Так, впервые в своей пятидесятидвухлетней жизни, она подверглась нападению, как написали бы раньше в милицейских протоколах, «неустановленного лица», причинившего ей «легкие телесные повреждения».
Произошло это на шестой месяц ее иммиграции в Германию, среди бела дня на глазах у десятков людей, сидевших в своих машинах, послушно замерших на светофоре.
Она смотрела на их лица в машинах, а они отводили глаза.
Тут светофор «зазеленел», и машины, как ей показалось, с облегчением тронулись с места.

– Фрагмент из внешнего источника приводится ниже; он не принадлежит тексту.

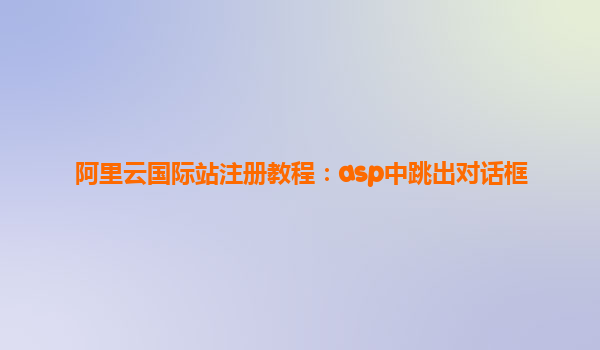 阿里云國際站注冊教程:ASP中跳出對話框 一、阿里云國際站簡介 阿里云國際站(AlibabaCloudInternational)是阿里巴巴集團(tuán)旗下的云計(jì)算服務(wù)平臺,為全球用戶提供穩(wěn)定、高效、安全的云計(jì)算服務(wù)。阿里

Ни с кем делиться происшедшим она не стала, ни к чему было. Она просто легла на койку, и, прислушиваясь к своему болящему, ноющему телу, стала думать об этом, неожиданно напавшем на нее парне. Почему? За что? Может быть, он был обколовшимся или обкурившимся, или вовсе сумашедшим? Глаза его с огромными зрачками, будто «съевшими» радужку, казались черными провалами, из которых хлестала ненависть. Ненависть к кому? Неужели к ней? Еще издалека, на бегу он что-то кричал. Но сейчас она поняла это наверняка: когда взгляд его сфокусировался на ней, он устремил свой бег именно к ней, и фонтанирующая злоба была обращена именно на нее. Конечно, откуда было ей знать, каким было в то мгновение выражение ее, с резкими чертами, лица?
Прошло чуть больше двух часов после случившегося, а она уже не помнила лица его, только абрис, что-то размытое... светлые пышные волосы. Она теперь с уверенностью не смогла бы сказать, узнает его или нет?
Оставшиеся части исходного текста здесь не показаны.